That was the question in a recent case where an Alabama couple was divorced in 2013 with a settlement agreement reached by the parties. The divorce provided that the husband was to pay to the wife $500 each month for eight years as alimony in gross. In addition, the judge ordered the husband to maintain his current life insurance policy with the wife named as the irrevocable beneficiary for eight years.
In June 2016, the wife filed a petition alleging that the husband failed to pay alimony and had failed to maintain the life-insurance policy as required by the divorce judgment. The wife wanted to have the husband held in contempt for his failure to comply with the divorce judgment. She asked the court to order her ex to pay the delinquent alimony.

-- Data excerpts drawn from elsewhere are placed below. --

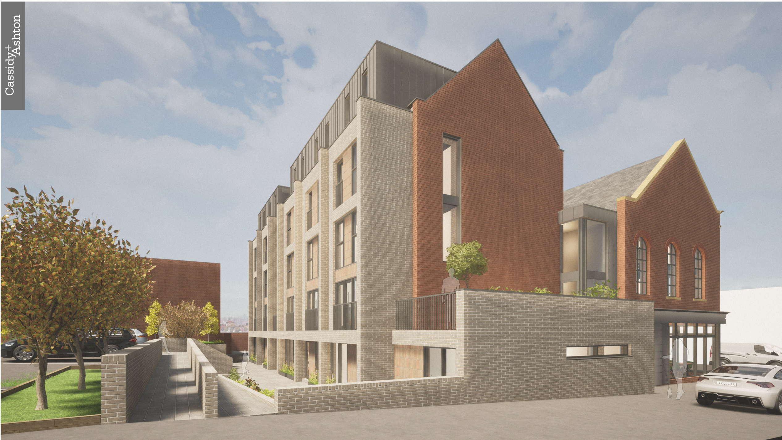
3D Visual 2 - Proposed North East Elevation from the Rear
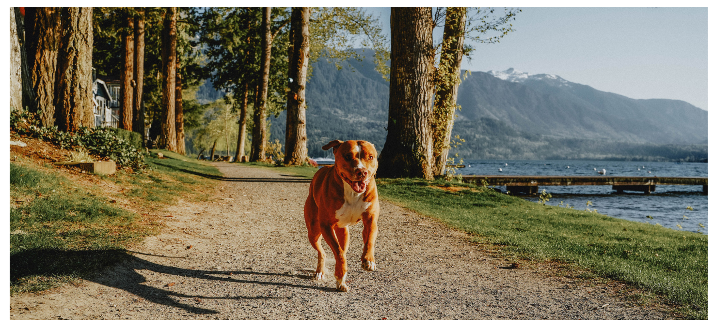
+ HR - launched Wellbeats wellness program to support employee health & wellbeing
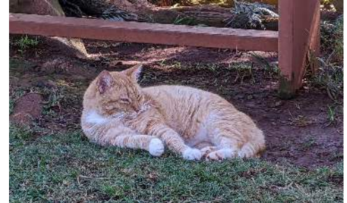
Lahaina Fire Cat "Launiupoko" settling in at the Lanai Cat Sanctuary

On a personal note, I had the honor of serving as Lanai Cat Sanctuary's first veterinarian 12 years ago, back when there were just 375 cats living there (there are now close to 900). It's an incredibly special place, not only in my heart, but as a model sanctuary across the islands, the nation, and the world. If you haven't been there for a visit, you must. There is no place like it. Working there changed my life. It's where I discovered that my passion is to serve the animals who don't have a home, a voice, or an advocate. That's when I began the journey that has led me here today. To work with LCS again after all these years, and to be able to save hundreds of innocent lives, is what I wake up for every day. We are so very fortunate to have Lanai Cat Sanctuary nearby, as a safe haven for the Lahaina fire cats, and as a model for the rest of the world.
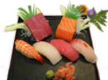
2 Sashimi + 4 Sushi $20.95

Sashimi – tuna and salmon Sushi – tuna, yellow tail, shrimp & white fish.
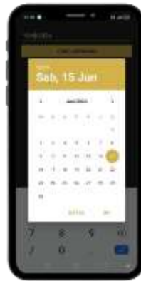
Fig. 13. Date Options View Previous Reports

After selecting the date to be viewed, something like Figure 12 will appear where the user must save the image by pressing save and the image will be automatically saved to the gallery. The results will be reported to the company..
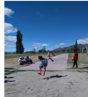
Some images from our recent athletics event
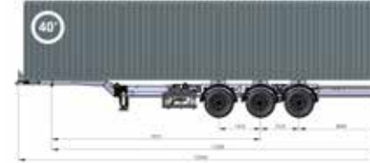
1 x 40' H.C. > 28 Tons
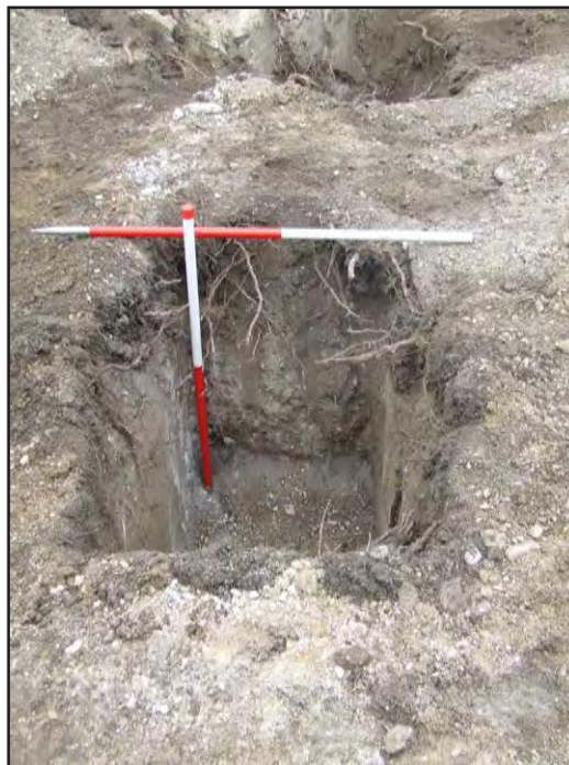
Figure 5: Pad Hole Section
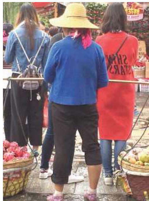
Old Dali Town.
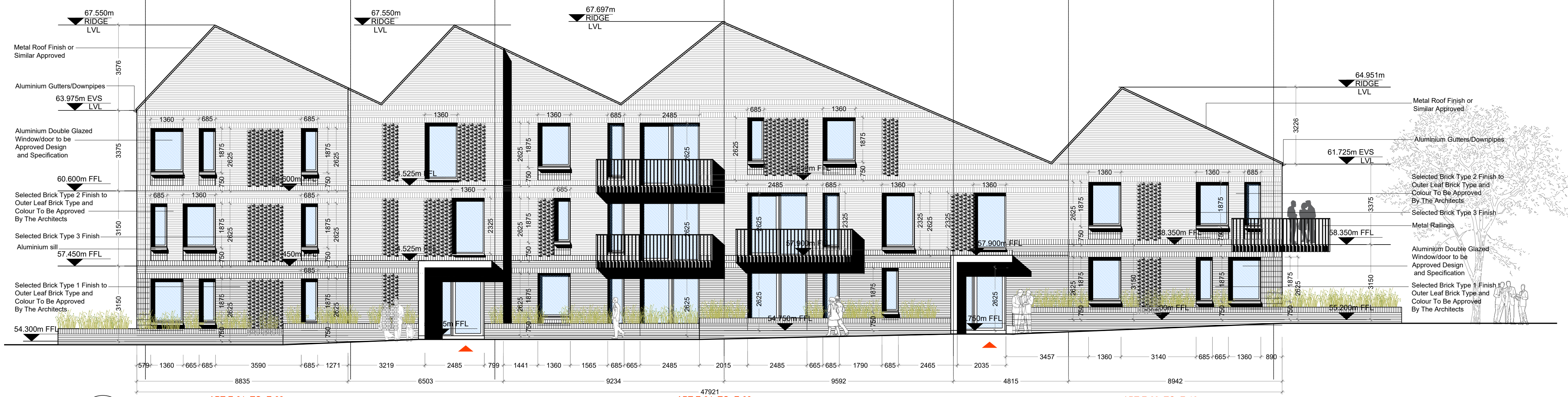
01 West Elevation 1:100 200 Crockers Hill (BLOCK E)
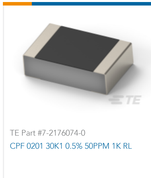
TE Part #7-2176074-0 CPF 0201 30K1 0.5% 50PPM 1K RL
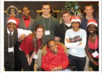
DREAM LEADERS VOLUNTEER AT HOLIDAY FOR HOPE

Paying It Forward- Dream Leaders that have excelled in the other two areas are invited back to Conferences as Junior Facilitators. As Junior Facilitators, they lead workshops and discussions to pass on what they have learned about making a difference to other teens.
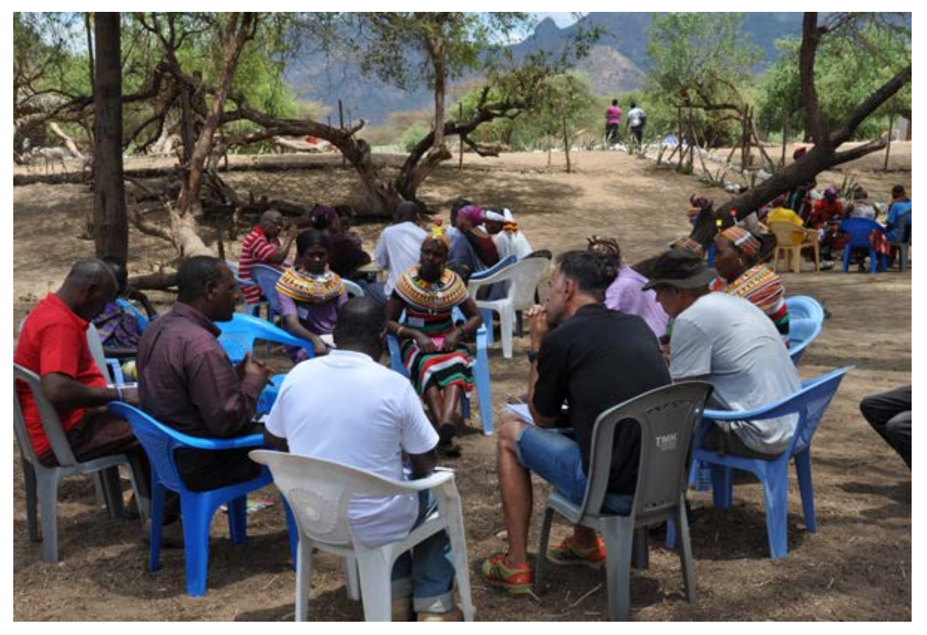
Group discussions on how the use heritage and education in community building. Vivid discussions and creative ideas.

More information from the conference on the Bridging Ages website, www.bridgingages.com
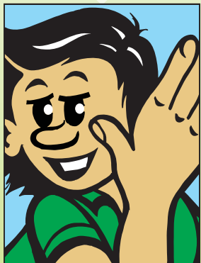
He tamaiti ora

Uhia ngā mamae me ngā motunga ki te tākai * Kia mā tonu atu te kiri
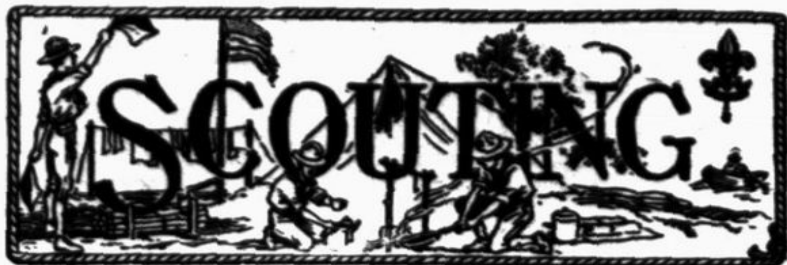
A regular feature prepared each week by members of the Boy Scout Press Club.
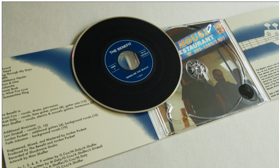
Interior and CD
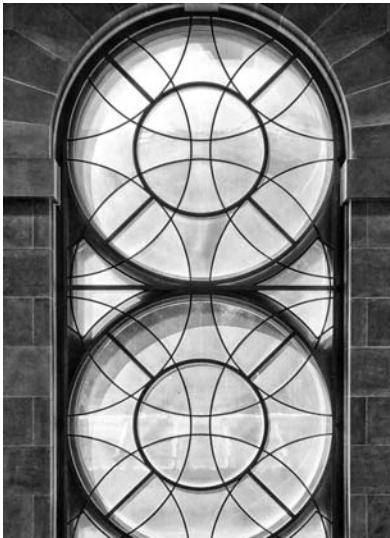
43 - Window in the National Museum of African Art.jpg
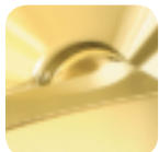
605 Bright Brass
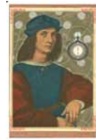
14. Enlightened one who has evolved from the material to the spiritual.
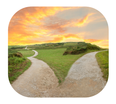
TWO TRACKS: EDUCATION AND QI
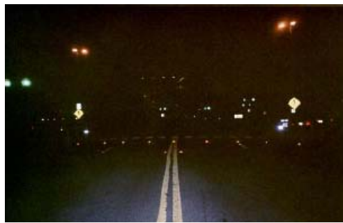
Figure 2 – View of in-pavement lighting at night

It is important to note that these systems should only be used on relatively narrow low-speed roadways. One of the primary concerns that the engineer must consider is that the approaching motorist must have adequate decision sight distance for the illuminated crosswalk. If the approaching traffic is traveling too fast, even once a driver perceived the crosswalk, they may not be able to safely come to a stop prior to entering the crosswalk. If the roadway crossing is too wide, it may expose the pedestrian to traffic for too great a period of time.
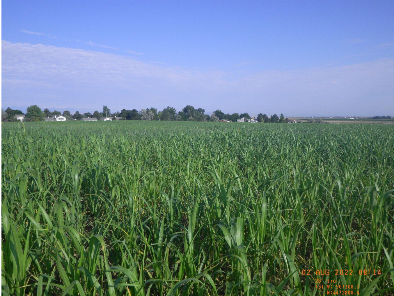
Photo 9. Tank battery reference area.
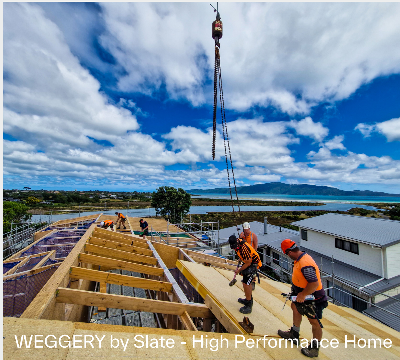
WEGGERY by Slate - High Performance Home
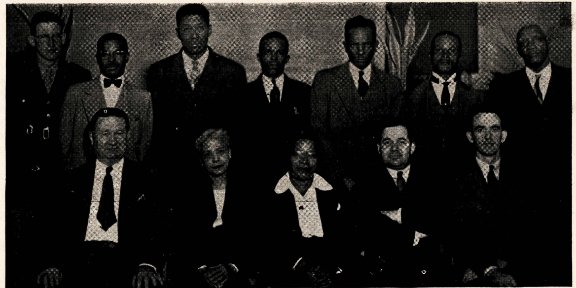
SCHOOL OF THE SACRED SCRIPTURES BROOKLYN, N. Y. CLASS OF 1944

Institute held at A. & I. State College, Nashville, Tenn.
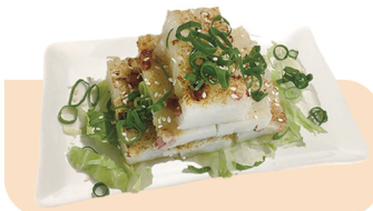
Pan Fried Radish Cake 臘味蘿蔔糕 $8.80
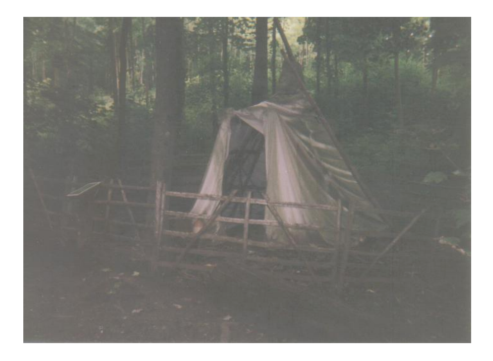
As seen occasionally during series 5 (again, minus the fence), this is a working charcoal oven:
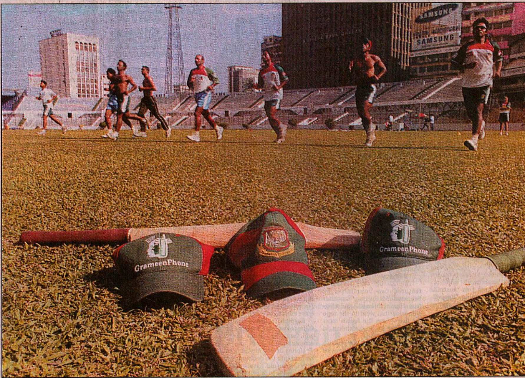
EVERYTHING BUT THE INDIANS IS READY: Bangladesh cricketers warm up prior to a practice session at the Bangabandhu National Stadium yesterday. Sourav Ganguly's India are scheduled to arrive here tomorrow to play in a full Test and ODI series.

But everything will fall into place once Sourav's men are cleared to come to Dhaka.
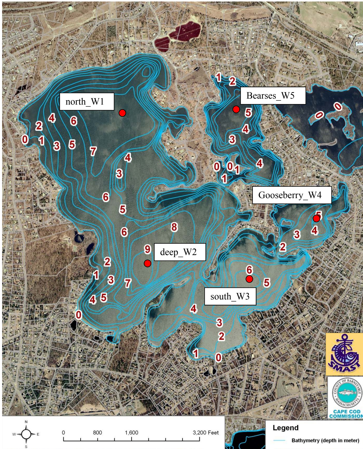
Figure 1. Lake Wequaquet Water Quality Sampling Stations Red circles indicate five in-pond locations where water quality samples have been historically collected. Figure is modified from Figure II-1 in Eichner (2009).
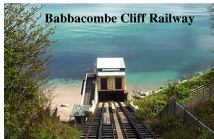
Babbacombe Cliff Railway

TLH LEISURE RESORT IS BEAUTIFULLY SITUATED FOR EASY ACCESS TO THE MANY DELIGHTS OF THE ENGLISH RIVIERA AND SOUTH-WESTERN DEVON. Besides many exciting resorts – Paignton, Brixham, Babbacombe, Dartmouth, Salcombe with its atmospheric yachting centre, Burgh Island where at high tide a tractor carries visitors to the island plus Plymouth with its famous history and outstanding attractions. Moving inland Buckfastleigh and Kent's Cavern will appeal whilst Dartmoor one of our outstanding National Parks demands a visit. The picturesque old English village of Cockington with its thatched cottages and 460 acres of beautiful country park – plus of course a traditional Devon Cream Tea!
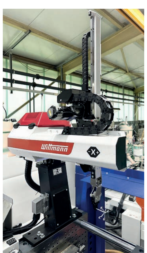
The new WX90 sprue removal systems are equipped with an R9 control system and thus completely integrated in the production cell.

winch drives in crane systems, this assembly is an important safety feature. These devices known as geared limit switches control the positioning of the crane hook. Depending on the type and size of the crane, the crane hook must be able to carry loads of up to 120 tons reliably.
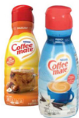
Coffee-Mate Liquid Coffee Creamer Select Varieties 32 oz.
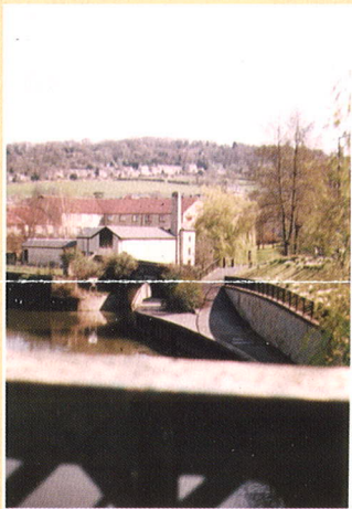
The Bath skyline walk viewed From Halfpenny Bridge. In the centre, the Kennet and Avon canal enters the Avon river.
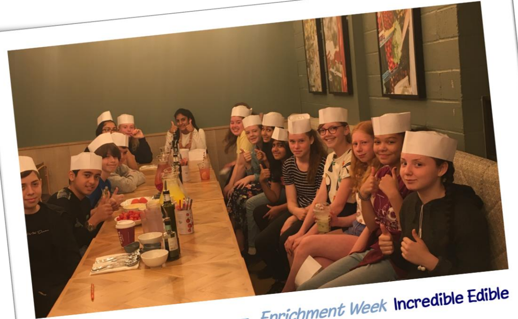
Enrichment Week Incredible Edible
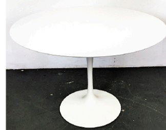
Knoll Saarinen Table v 28 3/4" h x 42" w
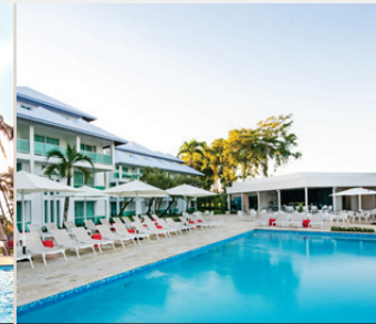
SELECT AT GRAND PARADISE PLAYA DORADA

WE ARE THE LARGEST "GENUINELY" DOMINICAN HOTEL CHAIN THAT MANAGES RESORTS ACROSS THE COUNTRY UNDER THE ALL INCLUSIVE CONCEPT SINCE MAY 2000.
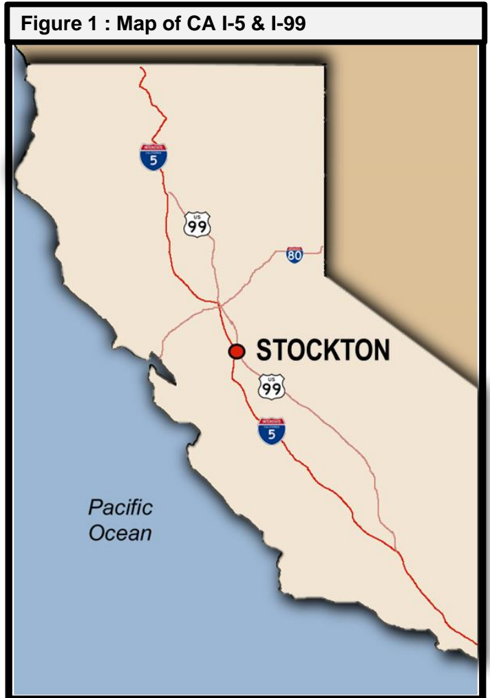
Figure 1 : Map of CA I-5 & I-99

Location. Location. Location. Stockton is conveniently located near where the I-5 and the I-99 meet making it an epicenter for transport. (See figure 1 to the right)
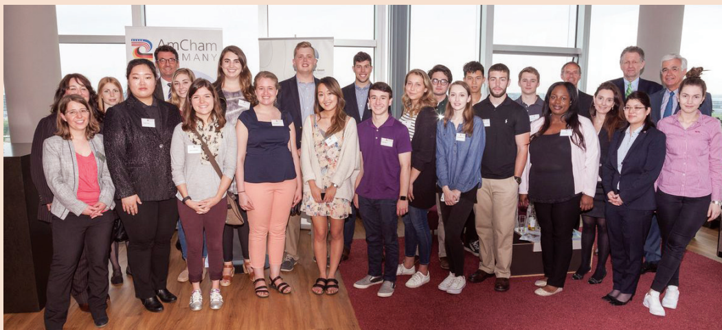
US-Germany interns at the welcoming ceremony in Frankfurt in May
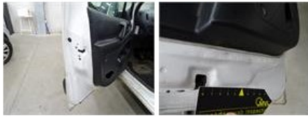
Door frame F R, Dent(s), It - Spot repair
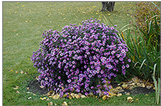
Purple Dome Aster in bloom
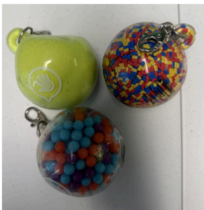
Fidget Key Chain Balls
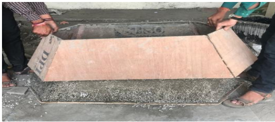
Fig -5: Demoulding
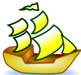
The Breezy Edition
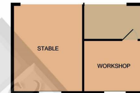
STABLE & WORKSHOP
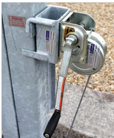
DW1000 Winch mounted on ACC2BPLA column. This bracket type for ACC/ACT columns and towers.

The photographs below show the three sizes of winch that we supply and also the three bracket mounting types.
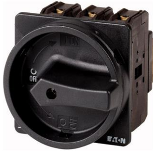
P3 Switch Disconnecter with Flush Mount
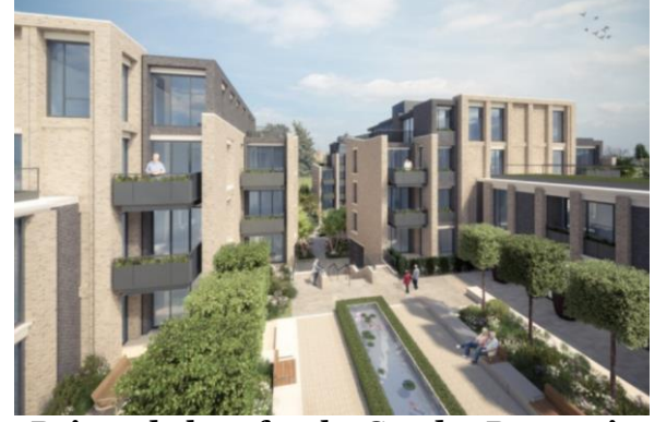
Rejected plans for the Gondar Reservoir

Camden council plans to close the high street to traffic during festive and summer periods and on other days as part of its Low Emission Neighbourhood airq Docomomo UK and the Twentieth Century Society have warned that council refurbishment of Alexandra Road is destroying important original fabric of the grade II* listed estate bd bd. A 1980s Sainsbury's store in north London designed by Nick Grimshaw has become the first supermarket to be listed along with the Grand Union Walk. James Brokenshire refused planning permission for redevelopment in June bd . Plans for an extra care home on the former Gondar underground reservoir were rejected by at appeal. The inspector said building on the entire reservoir would cause significant encroachment into open and green space designations and disrupt long distance views. It would also reduce the perception of green space, as well as damaging a slowworm habitat
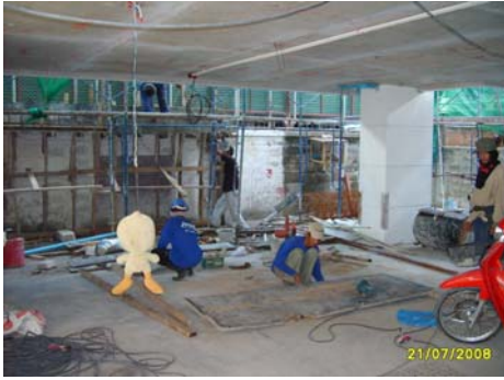
Pict No.13 : General view
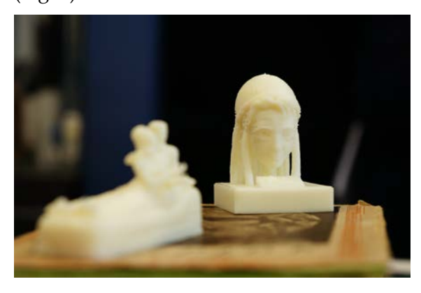
Figure 3 "Ati": 3D printing test for hypothetical merchandise.

can also be successfully joined to merchandising activities. Moreover it is possible to foresee, in addition to the sale of a DVD, containing the 3D movie and its making-of, different gadgets such as "Ati"'s action figures in order to create not only economic outcomes, but also communication ones (Fig. 3).
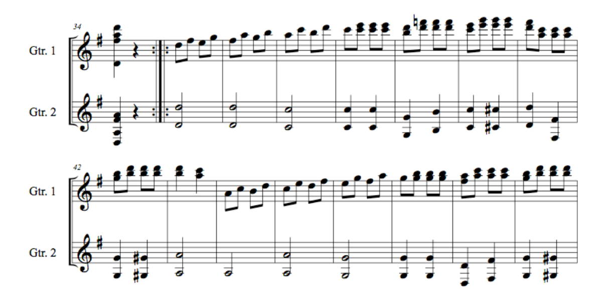
Figure 15. Soler, Sonata 50, mm. 34-49, Guitar Version.

An important element of the present study is to identify influences of Spanish folk music on Soler's writing, and another example of this influence can be found in the
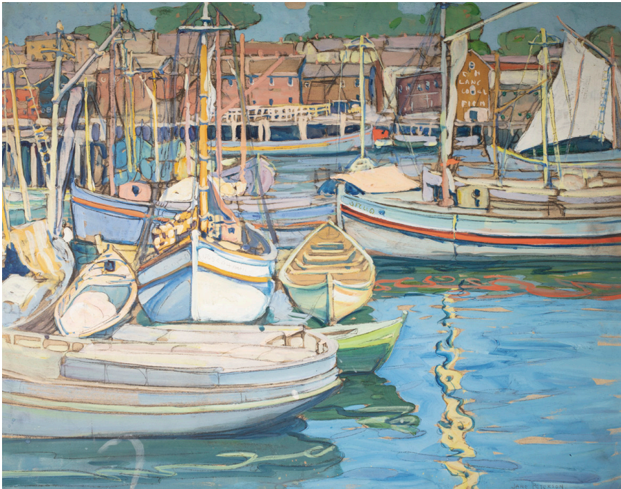
Jane Peterson (1876–1965)
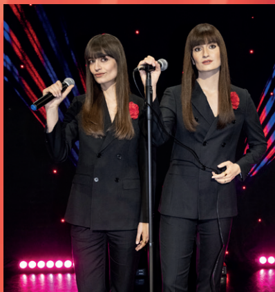
Clara Luciani, 4 February 2025
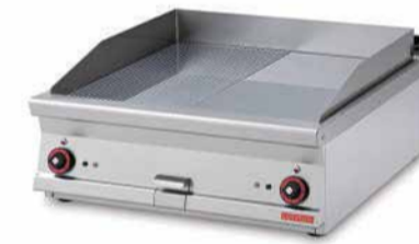
SMOOTH & RIBBED GRIDDLE - TABLE TOP
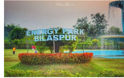
Solar Energy Park
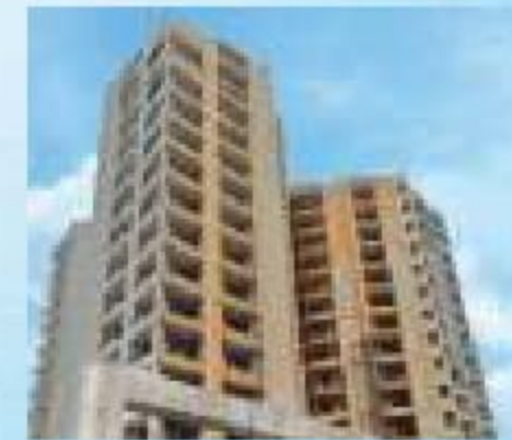
SG Benefit Govindpuram, Ghaziabad
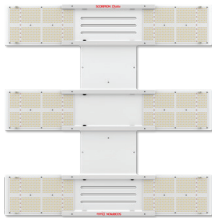
HLG SCORPION DIABLO Spec Lamp

The husband denied any wrongdoing, and he later counterclaimed seeking to reduce or eliminate his alimony obligation because he argued it was periodic alimony. He said that his alimony obligation ended because the wife remarried. The wife maintained that the husband’s alimony obligation hadn’t terminated upon her remarriage because it was alimony in gross, or a property settlement, rather than periodic alimony.
The trial court conducted a hearing and found that the alimony award and the provision requiring the husband to maintain the life-insurance policy were awards of alimony in gross that couldn’t be modified. The husband appealed.
Periodic Alimony vs. Alimony in Gross
Presiding Judge William C. Thompson wrote the opinion of the Alabama Court of Civil Appeals. He explained that alimony in gross is considered compensation for the recipient spouse’s marital rights and may also represent “a division of the fruits of the marriage where liquidation of a couple’s jointly owned assets is not practicable.” An alimony-in-gross award must satisfy two requirements:
- the time of payment and the amount must be certain; and
- the right to alimony must be vested.
Alimony in gross must also be payable out of the present estate of the paying spouse as it exists at the time of the divorce. In other words, alimony in gross is a form of property settlement, and is typically not modifiable.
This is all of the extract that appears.